Organizaciones civiles alertan sobre riesgos en la nueva Ley Federal de Feminicidio

4 julio, 2026

Cientos de mujeres encabezadas por madres cuyas hijas fueron víctimas de feminicidio o violencia de género marcharon del Ángel de la Independencia al Zócalo en el marco del Día Internacional de la Eliminación de la Violencia Contra la Mujer. Foto: Galo Cañas / Cuartoscuro

Organizaciones civiles alertan sobre los riesgos de la nueva Ley General contra el Feminicidio y el Programa Integral 2026-2030. A través del análisis «¿Prevenir o sancionar?», México Unido Contra la Delincuencia, Balance A. C. y Equis Justicia para las Mujeres advierten que ambas políticas apuestan por un enfoque punitivo y carecen de presupuesto. Señalan que esto podría invisibilizar identidades, revictimizar a las sobrevivientes y criminalizar la legítima defensa ante la falta de perspectiva de género en las fiscalías

Texto: Andrea Amaya

Foto: Galo Cañas / Archivo Cuartoscuro

CIUDAD DE MÉXICO.— Organizaciones de la sociedad civil han emitido una postura crítica frente a la estrategia del Gobierno Federal para combatir la violencia de género en el país. A través del análisis ¿Prevenir o sancionar?, las colectivas México Unido Contra la Delincuencia (MUCD), Balance A. C. y Equis Justicia para las Mujeres advierten que la nueva iniciativa de Ley General contra el Feminicidio —presentada este 2026— apuesta por un enfoque punitivo y carece de presupuesto, lo que, a su consideración, amenaza con revictimizar y criminalizar a las mujeres en lugar de garantizarles acceso a la justicia.
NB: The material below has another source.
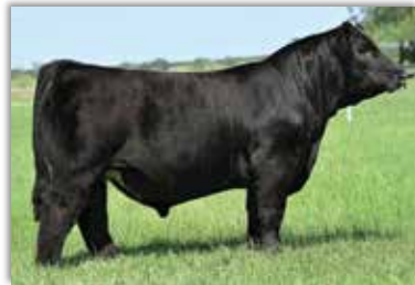
SWC NFFS Hoo-Rah 547H Sire of Lots 27 & 28

El análisis evalúa dos piezas clave de la política pública de la actual administración: la Iniciativa de Ley General para Prevenir, Investigar, Sancionar y Reparar el Daño por el Delito de Feminicidio, y el Programa Integral para Prevenir, Atender, Sancionar y Erradicar las Violencias contra las Mujeres 2026-2030 (PIPASEVM). Si bien las organizaciones reconocen que ambos instrumentos colocan la emergencia feminicida en la agenda pública, sostienen que, sin un fortalecimiento institucional real, las propuestas resultarán insuficientes.
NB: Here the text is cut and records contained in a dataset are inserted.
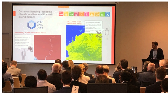
(Satellite Applications Catapult)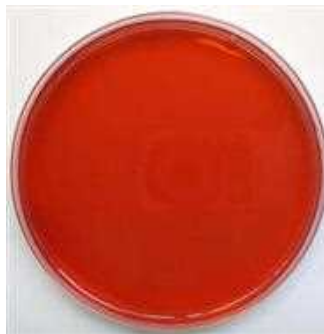
Uninoculated Plate (Control)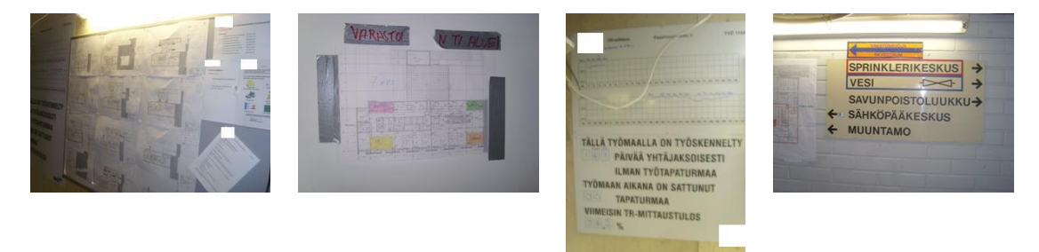
Figure 10: Case 4 was Comparatively Richer in terms of Integrated Information

The site manager was convinced about the effectiveness of managing people with visual clues/ aids. He had also systematically put colour coded floor stock plans, floor numbers and location identification, informative posters and projects on the walls, project performance metrics and general project information at the entrance in display on the site for everyone. He also indicated that the construction workers could learn to read the visually decorated plans/ projects (e.g. colour-coded material stock plans for floors) more easily and responded to them as desired. The site had a comparatively higher level of Visual Management adoptation and information display, thanks to the efforts by the site manager. See Figure 10.

Entre la exclusión y la falta de presupuesto

En entrevista para Pie de Página, Ximena Cruz Domínguez, analista jurídica de México Unido Contra la Delincuencia (MUCD), expone las deficiencias normativas y operativas que, desde la perspectiva de las organizaciones, hacen de este proyecto una propuesta riesgosa. La especialista puntualiza que las propuestas contienen fallas de origen que comprometen la seguridad jurídica de las mujeres. Sobre esto, advierte que la iniciativa presenta algunos problemas normativos que, en la práctica, podrían resultar en la revictimización de las víctimas de feminicidio o incluso en su criminalización.
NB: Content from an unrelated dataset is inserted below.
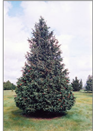
Blue Nootka Cypress

Blue Nootka Cypress will grow to be about 40 feet tall at maturity, with a spread of 20 feet. It has a low canopy with a typical clearance of 3 feet from the ground, and should not be planted underneath power lines. It grows at a medium rate, and under ideal conditions can be expected to live for 70 years or more.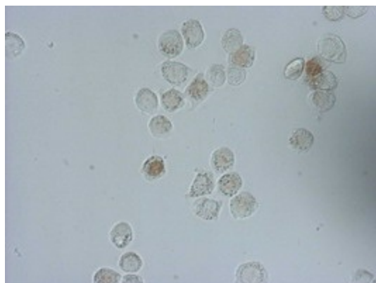
Immunocytochemistry staining of HT-29 cells pulsed with 5-iodo-2'-deoxyuridine (IdU) using mouse monoclonal anti-IDU antibody (1:150)

El primer eje de esta preocupación se centra en la definición legal de «mujer» basada en la autoadscripción identitaria. La analista señala que una redacción ambigua en este rubro genera vacíos legales que pueden ser utilizados para restringir derechos humanos en el futuro, especialmente ante cambios en la administración pública. Cruz Domínguez manifiesta que este criterio abre la puerta a que posteriormente, en el caso de que haya una alternancia de gobierno, se pueda reformar esa definición para adquirir un carácter más conservador, biologista, estricto e incluso muchísimo más discriminatorio. Ante esto, la omisión del término transfeminicidio dentro del proyecto de ley representa un sesgo de exclusión para las identidades de género no normativas, pues asegura que, al no nombrar de manera explícita estas realidades, el Estado invisibiliza la vulnerabilidad de este sector.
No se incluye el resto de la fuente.